E porém, é certo e sabido que a Europa comunitária, a 28 vozes, não se entende nesta matéria e, nesta perigosa indecisão e pendularidade, não é capaz de encontrar soluções válidas para esta magna crise.

Os fluxos migratórios não são novos. Agamben, G. *, refere a esta propósito :


“O primeiro surgimento dos refugiados como fenómeno de massas ocorre no fim da Primeira Guerra Mundial, numa altura em que a queda dos impérios russo, austro-húngaro e otomano e a nova ordem criada pelos tratados de paz subvertem profundamente a arrumação demográfica e territorial da Europa central e oriental. Em pouco tempo, deslocam-se dos seus países 1.500.000 russos brancos, 700.000 arménios, 500.000 búlgaros, 1.000.000 de gregos, centenas de milhares de alemães, húngaros e romenos.”

 

 

Só nestes números, grosso modo, temos mais 5 milhões de refugiados. Porém, os números do século XXI aparecem com novas realidades, planetariamente alargados.

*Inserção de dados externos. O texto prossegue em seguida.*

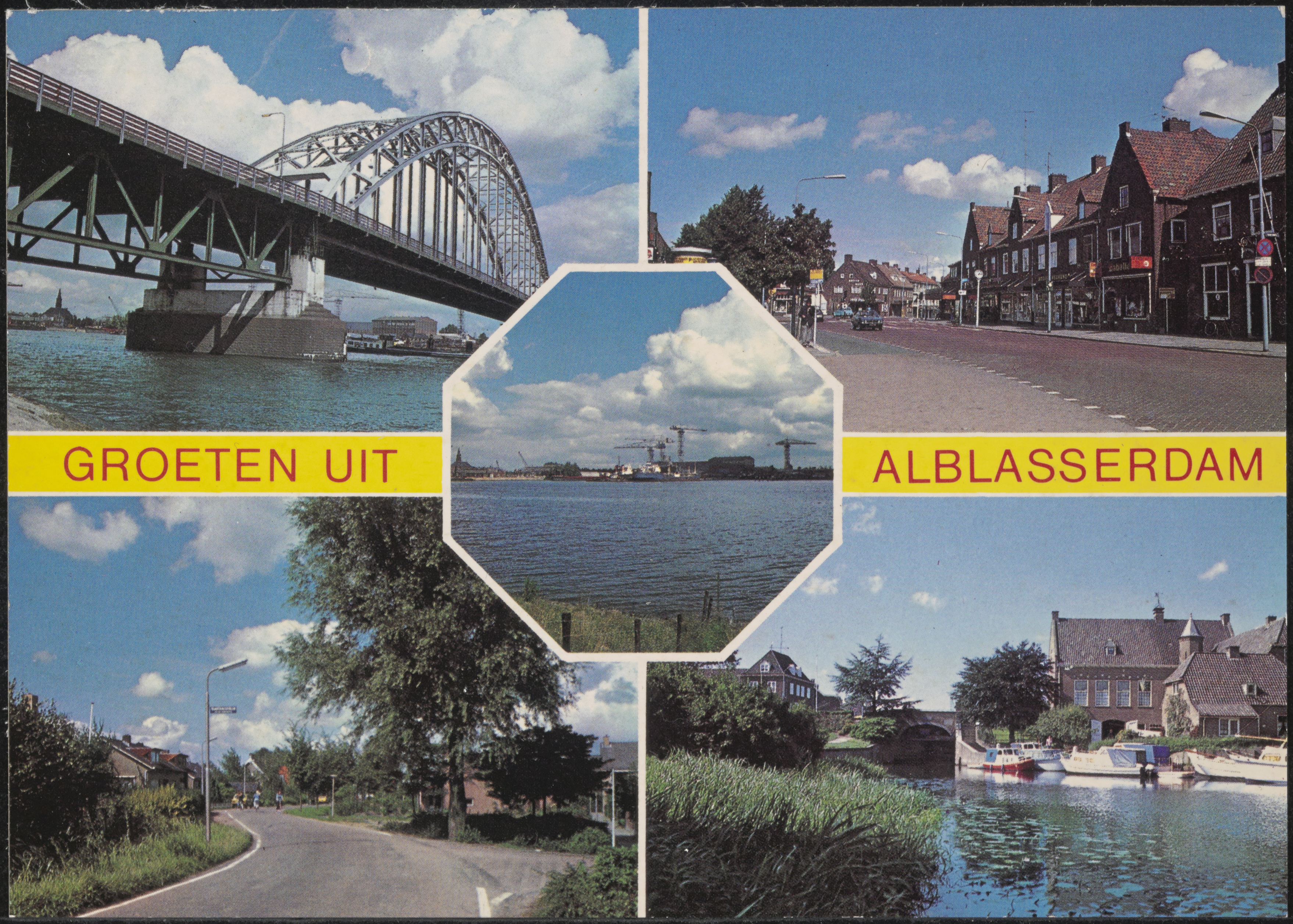 - Alblasserdam. Linksboven: Brug over de Noord. Rechtsboven: De Dam richting Plantageweg. Midden: Scheepswerf. Linksonder: De Vinkenpolderweg. Rechtsonder: De sluis en het Waardhuis van de Nederwaard op de Dam.

Na Europa, o Afeganistão, a Síria, a Sérvia, a Bósnia, a Albânia, a Ucrânia, a Palestina… são os países de onde a maioria dos refugiados é oriunda, mas há um lote de três países que, a nível mundial, congrega 67% : a Síria com 6.5 milhões, o Afeganistão e a Venezuela com 5.2 milhões cada. 

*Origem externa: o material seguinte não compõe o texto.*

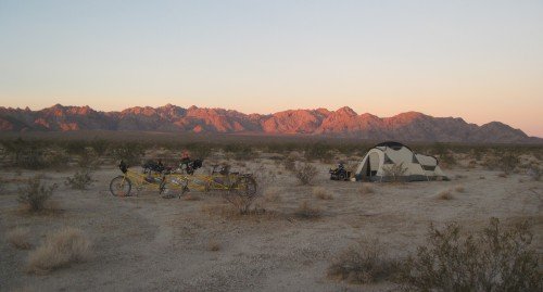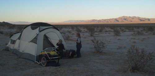 Our desert camp at the foot of the Coxcombs mountains in Cadiz valley. We don't put the fly on so we can look at the stars tonight.

Na Europa, se lhe juntarmos 247 mil sudaneses do sul refugiados na Etiópia, 245 mil somalis e 99 mil eritreus, o número expande-se. Juntemos-lhe agora os palestinos…

O crescimento demográfico, neste intervalo de um século, não justifica por si só este aumento face ao anteriormente referido, antes as bárbaras convulsões, a miséria e a guerra, como é o paradigmático caso do conflito Russo-Ucraniano, com cerca de 7.3 milhões de saídas registadas da Ucrânia e somente  2.3 milhões de regressados ao país.

 

 

No continente americano, nos últimos anos, o número de refugiados já ultrapassou os 20 milhões. Chamam-lhe “crise migratória”. Vêm dos países pobres ou “politicamente disfuncionais” (passe o eufemismo) e apontam aos EUA e ao Canadá, principalmente vindos do México, Colômbia, Venezuela, Argentina, El Salvador, Cuba… etc.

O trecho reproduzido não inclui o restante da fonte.